Voluntary licensing where rights-holders can opt-in is a fairer and more feasible solution, offering mutual benefit to both the content and AI industries. A growing voluntary licensing market exists for print, AV and music content—but AI developers have been slow to respond, a key reason being the mixed signals they are receiving from various governments. Rather than negotiate, the AI industry would rather push for a broad exemption legalizing the practice of helping themselves to protected content owned by others. The pretexts advanced are either a) they are not really copying (just turning content into data tokens is the argument) or, b) if they are, they should be allowed to continue doing so in the name of “innovation”. There is also the implicit threat that if laws and regulations are too protective of the creative sector, AI development funds will go elsewhere, to more compliant jurisdictions.
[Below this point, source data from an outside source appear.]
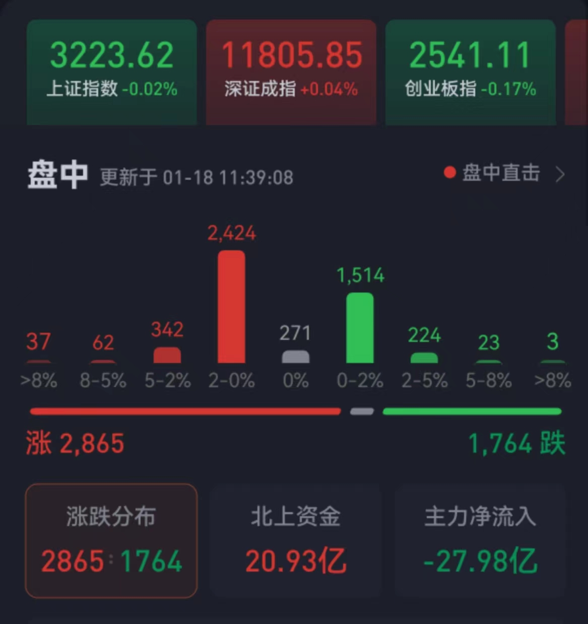 周三(1月18日)早上,三大股指橫盤波動(dòng),略有漲跌。截至上午收盤,上證指數(shù)微跌0.02%,報(bào)3223.62點(diǎn);深證成指微漲0.04%,創(chuàng)業(yè)板指跌0.17%;滬深兩市合計(jì)成交額3908.8億元,總體來(lái)看,兩市個(gè)股漲多跌少。
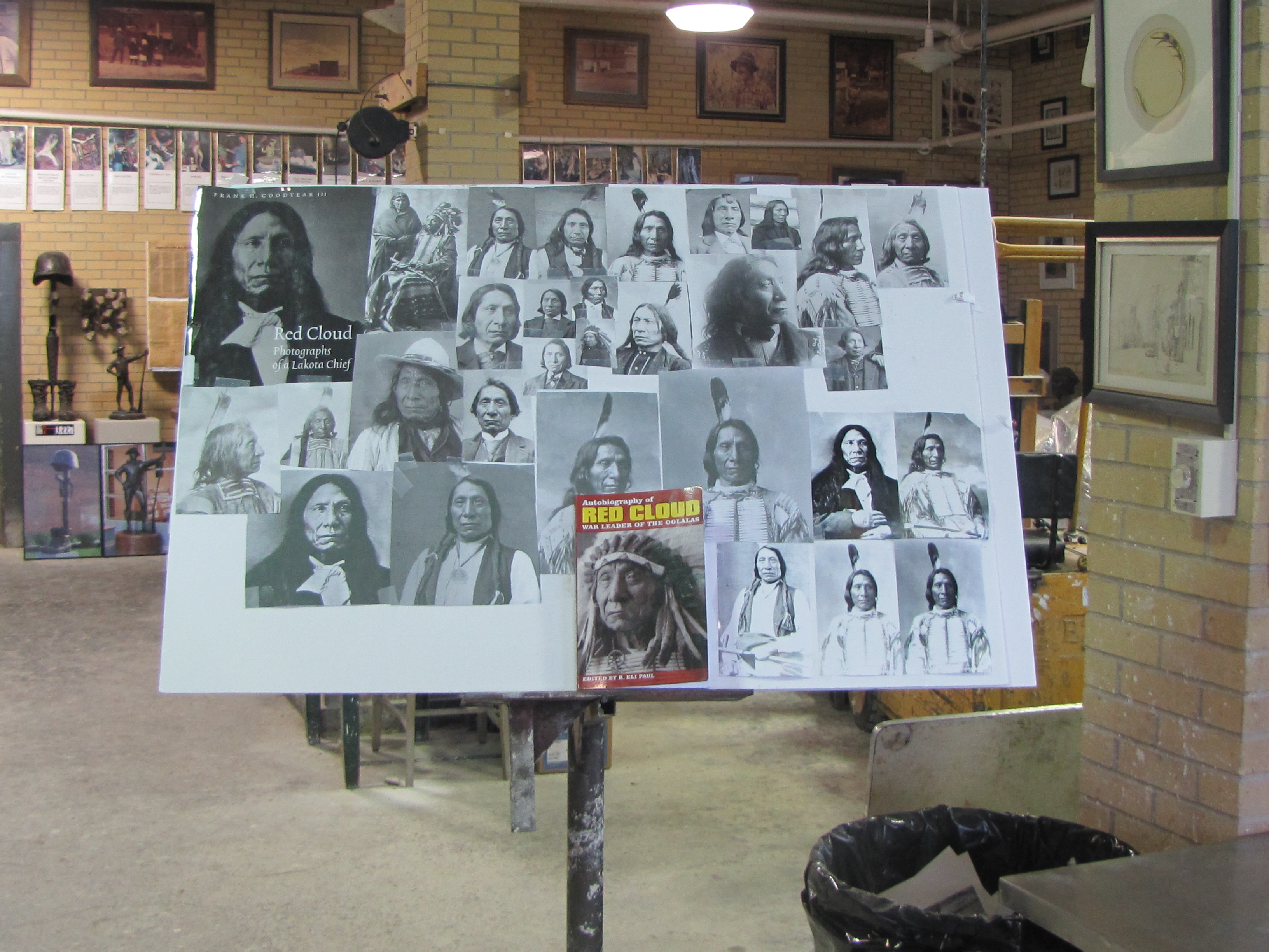 I was fascinated to learn that Alan spends so much time learning everything he can about the person who will be featured in his work. A bust of George Armstrong Custer is displayed on the first floor of the Gallery. A duplicate is now at West Point. Alan spent a lot of research time on the photos, life and times of Custer. Then I noticed a large board on an easel with mutiple photos and a book about Red Cloud, the famed Ogala Souix War leader. Thus I was able to see the beginings of what will in the future be another fine sculpture by Alan Cottrill.
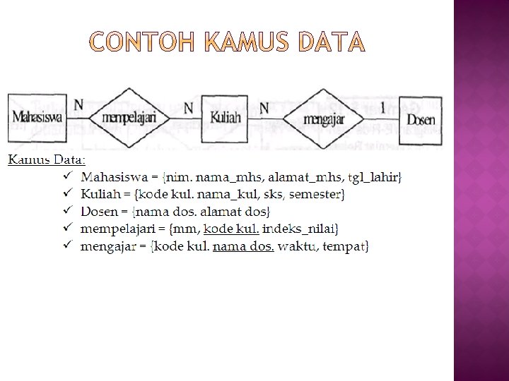 � Pada sebuah sistem yang ruang lingkupnya lebar dan kompleks, penggambaran atribut dalam sebuah Diagram E-R seringkali malah mengganggu objektif yang ingin dicapai tersebut. � Kita dapat memisahkan pendeklarasian atribut-atribut ini dari Diagram E-R dan menyatakannya dalam sebuah kamus data. � Kamus data berisi daftar atribut yang diapit kurung kurawal ('{' dan '}'). Atribut yang berfungsi sebagai key juga dibedakan dengan yang bukan key dengan menggarisbawahi atribut tersebut.
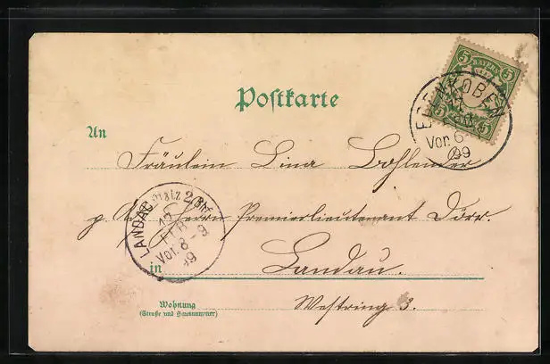 gelaufen 1899, Ecken beschnitten, guter Zustand
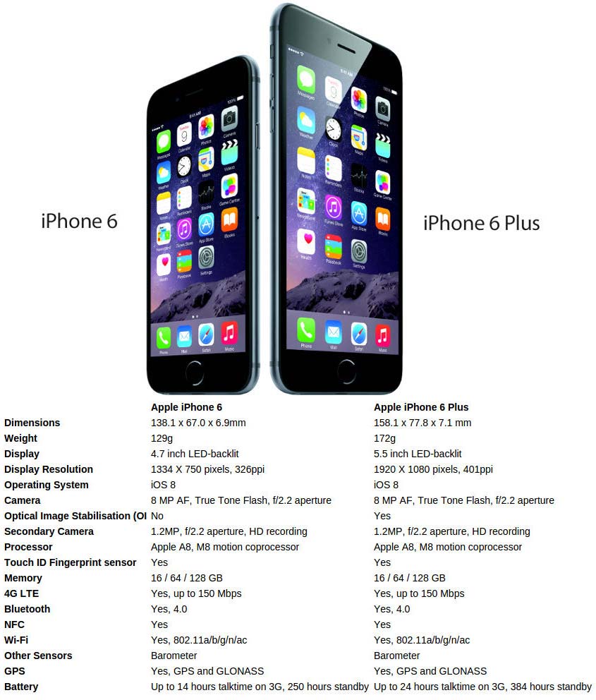 Все общие черты и отличия между двумя iPhone 6 представлены в графическом файле ниже. Пусть он и на английском языке, понять нужное не составит труда любому, кто умеет читать в принципе:
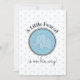 Pequeno Elefante Azul Simples Convite para Chá de Bebê Simples — Azul, bolinhas são o fundo de um elefante branco e doce em um grande círculo azul. "Um pequeno amendoim está a caminho" é o título. O verso inclui todas as informações pertinentes sobre o chá de fraldas.
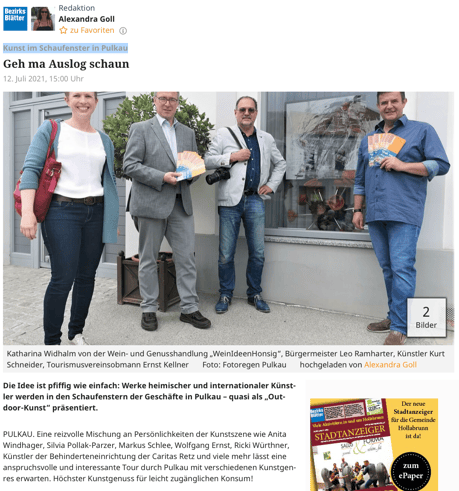 Die Idee ist pfiffig wie einfach: Werke heimischer und internationaler Künstler werden in den Schaufenstern der Geschäfte in Pulkau – quasi als „Outdoor-Kunst“ präsentiert.

This argument does not hold water as many factors go into making investment decisions regarding facilities such as data centres, notably the availability and cost of talent, land, power, etc. It is worth noting that while Malaysia does not have a TDM exception in its copyright law (whereas Singapore does), investment is pouring into Johore Bahru–just across the causeway from Singapore–because of Malaysia’s relative competitive advantage in input costs. The AI industry’s “fear factor” threatens to start a race to the bottom as governments around the world don’t want to be left behind as the AI race heats up. While it is clear that AI will transform some industries and has the potential to increase productivity in many areas, it may lead to more job losses than gains whereas the cultural sector is both a key economic driver in all the Asian economies in question and an important pillar of national identity.

India

India is a good case in point. It is a well known cultural and technological powerhouse with a creative economy that was estimated by WIPO to be valued at over $30 billion (USD) in 2023, with 20% growth in creative exports generating over $11 billion. Prime Minister Modi has called on the creative sector to further increase its share of GDP. Yet the TDM issue has raised its head in India, especially after OpenAI was sued by several Indian media entities for copyright infringement. In May Reuters reported that the Ministry of Commerce had set up an expert panel to examine the AI training issue. Both domestic and international content industries in India are concerned that creation of a TDM copyright exception or widening of compulsory licensing in India’s copyright law will undermine the incentive to create new content, and stall the development of a voluntary licensing market for AI training. Careless implementation of TDM or bringing in a misplaced compulsory licensing regime risks throwing out the baby with the bathwater.

Malaysia

As in India, AI industry lobbyists in Malaysia have called for implementation of a TDM exception. The case of neighbouring Singapore is often cited, but Singapore is a particularly poor example to follow. Singapore’s overly-broad TDM exceptions, referred to locally as exceptions to facilitate “computational data analysis”, combined with severe limitations on use of contract law to control access to copyright protected works, have weakened Singapore’s creative sector and held back the development of licensing options. There is no need for introduction of a TDM exception in Malaysia. Kuala Lumpur can distinguish itself by offering an appropriate balance between AI development and fostering important cultural industries, encouraging the development of a mutually beneficial licensing market. Its other attributes have helped it to successfully attract significant high-tech investment without undermining its investment in content creation.

Japan

Japan, which has a TDM exception in its copyright law, is often held out by AI developers as a model for the kind of copyright law they would like to see replicated elsewhere, but the impression that anything goes in Japan with respect to use of copyrighted content is mistaken and based on misunderstandings. As I outlined in a blog post last year (Japan’s Text and Data Mining (TDM) Copyright Exception for AI Training: A Needed and Welcome Clarification from the Responsible Agency), Japan’s TDM exception does not apply if the user of the copyrighted data “enjoys” the content. As an example, this means that if a user derives benefit through using the copied material to create outputs based on the reproduced content, the TDM exception does not apply. As this website succinctly puts it, “Expressive intent invalidates the safe harbour.” As is the case elsewhere, the limits of the law are being tested in court. Yomiuri Shinbun, Japan’s largest paper, as well as Nikkei and Asahi Shinbun, are suing Perplexity AI for copyright infringement in Tokyo District Court. Meanwhile a market for licensing content is beginning to develop.

Korea

Korean content companies are also turning to the courts for redress against unrestricted copying by digital platforms. Korea’s three terrestrial broadcasters, KBS, MBC, and SBS filed suit in January against Korean tech giant Naver claiming the platform used their news content to train its AI application. The broadcasters had earlier put Naver on notice not to use their content without permission. Naver is, broadly speaking, the Korean version of Google. It has recently been reported that more lawsuits are pending against Naver, this time from the Korean Newspaper Association.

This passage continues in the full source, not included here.